Анна Ахматова: эпоха, судьба, творчество:
Крымский Ахматовский научный сборник. –
Вып. 9. — Симферополь, 2011. – С. 59–70.

Локша А. В., Козловская С. Э.
Структура художественного пространства
в творчестве Анны Ахматовой
эпохи войны и революции
(1914–1921)

Приступая к анализу данной темы, сделаем несколько предварительных замечаний. Пространственная картина мира Ахматовой коррелирует, на наш взгляд, с мифологической миромоделью, корректно описанной В. Н. Топоровым [4, с. 161–164]. Ахматовское художественное пространство, так же как и пространство мифа, делится по вертикали на три яруса – верхний, средний и нижний; а также существенную роль в его структурировании играет горизонтальная ось координат. Оговоримся, что структура пространства лирики Ахматовой богаче и разнообразнее предложенной схемы, она включает большее число компонентов, обладает вариативностью и гибкостью.

Прежде всего, следует отметить, что в художественном мире Ахматовой пространство существует не само по себе – оно как бы продолжение бытия лирической героини. Поэтому отдельного рассмотрения заслуживают мотивы пространственного движения лирической героини Ахматовой, которые связаны как с вертикальной (движение вверх или вниз), так и горизонтальной осями.

При иерархическом выстраивании пространственной модели основными категориями Ахматовой являются две пространственные зоны: внутреннее и внешнее, противопоставленные как ближнее / дальнее; свое / чужое; здесь / там; центр / периферия.
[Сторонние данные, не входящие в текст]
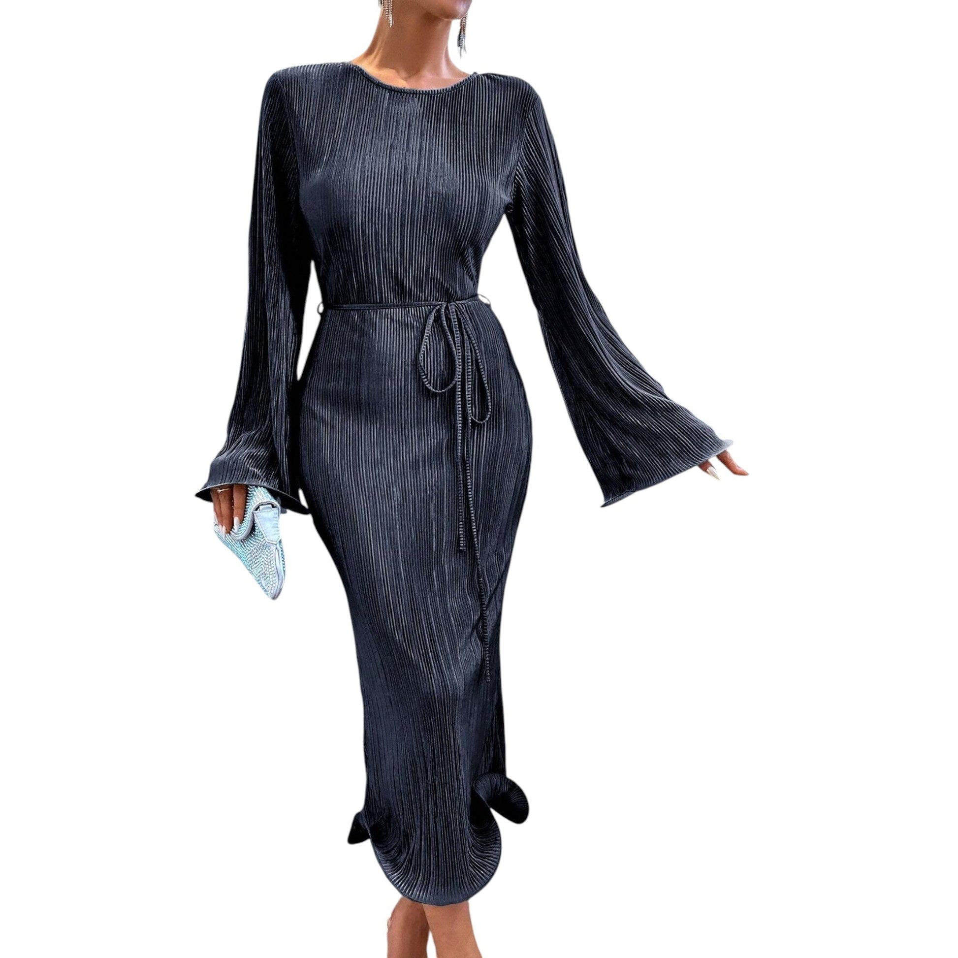 Címke nélküli, sötétkék, hosszú ujjú, kerek nyakú, pliszírozott, maxi hosszúságú.

Все эти оппозиции чаще всего актуализируются в противопоставлении интегральных образов неба и земли, дома и города.

/60/ Все эти пространственные зоны, как вертикальные, так и горизонтальные, а также виды движения обретают такие аксиологические характеристики, как «положительное – отрицательное», «свое – чужое», «мнимое – явное», поэтому спациальные образы, попадая в ту или иную пространственную модель, меняют свою семантику и аксиологическую окраску.

Критиками и исследователями (К. Чуковским, В. Виленкиным, А. Павловским, Л. Кихней и др.) давно отмечено, что для Анны Ахматовой 1914 год – чрезвычайно значимая, «рубежная» дата. Начало Первой мировой войны знаменовало конец одной эпохи и начало другой. «ХХ век, – говорила она В. Виленкину, – начался осенью 1914 года вместе с войной, так же, как и XIX начался Венским конгрессом» [2, с. 102]. Резкий мировоззренческий сдвиг (который критиками интерпретировался как переход от интимной лирики к гражданской) проходил под знаком формирования эсхатологических установок как способа религиозного осмысления упомянутых событий. Именно в таком ключе в «Белой стае» (1917), «Подорожнике» (1920) и «Anno Domini MCMXXI» (1922) трактовалась Первая мировая война, Октябрьская революция и гражданская война.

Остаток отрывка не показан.